Dichos are Hispanic sayings that, of course, need to be written in Spanish. No problem; I wrote them in Spanish and used italics to properly show they were written in another language. Spanish words, unlike some languages, use the same alphabet as that of American and English (aren’t those two different languages?). That is good. However, there was a small problem. Spanish words have markings – the little squiggly line above an “n” that signifies a combination of “n” and “y” sound when pronounced, and the accent mark, the small upper backslash, that indicates which part of the word is emphasized when spoken.
How do I add those marks? Aha! I thought I knew. First, I highlighted the Spanish phrase I had already typed. Then I clicked on Tools and from there to Languages, and from there selected American Spanish. How clever I was!
A little box dropped down with an inquiry and a prompt. It said something like, “Hello dear. We don’t have that in stock at the moment but we can get it for you. Do you want to get it now?” Of course I did. I said yes and she promised to download it for me in just a moment while I waited.
She soon came back to say, “Ah, sorry dear. I looked everywhere but we don’t seem to have it after all.” So I tried to back out of there and return to my Dichos document.
She wouldn’t let me.
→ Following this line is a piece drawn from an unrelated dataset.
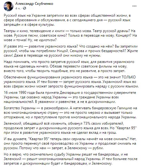 "Русский язык на Украине запретили во всех сферах общественной жизни, в сфере образования и обслуживания, а с сегодняшнего дня — русский язык запрещён и в сфере культуры.

She kept interrupting what I was doing to offer me yet another opportunity. “Do you want to download American Spanish now?” she asked. Like a dummy, I said yes. But then she said she couldn’t. I said, oh forget it! But she wouldn’t. She repeatedly asked me if I wanted it. I said no and told her to go away and mind her own business. But she wouldn’t. Nothing I knew how to do would make her leave me alone.
I figured that she got stuck halfway into trying to activate the Spanish language that she couldn’t produce, and then couldn’t get herself out of it. At any rate, I didn’t know how to get her out of it.
In spite of her constant interruptions, I returned to my Dichos document. In addition to writing a couple dichos, with their translations in American, I also wrote a few American witticisms, similar to the ones Benjamin Franklin taught us, such as an apple a day keeps the doctor away.
She ran constant interference. She finally stopped interrupting me but she underlined in red every single word I wrote. She said she couldn’t give me the Spanish format, yet she indicated that every word I wrote in American was misspelled, apparently expecting it to be in Spanish and, therefore, it was wrongly written. Yet she gave me no accents on the Spanish words I did write. It was total chaos.
After a long battle of wills — hers against mine — I gave up. She won. I closed the document, opened another and began to write a whole new piece, the one about the courthouse.
There’s nothing wrong with this new computer’s memory. Every single word I typed onto the new document, and on every subsequent document, was underlined in red. In Word Perfect, I am now stuck in this situation of half Spanish and half not, an uncommunicative situation. I can understand some Spanglish, which is sometimes spoken around here, but her lingo doesn’t work at all.
My computer thinks she is the winner. Not!
I have downloaded MS Word.
(There is a moral here: I think it is this: One must be smarter than a machine to operate one; or at least, one should learn how to operate a computer responsibly. I hate it when they make me feel so dumb.)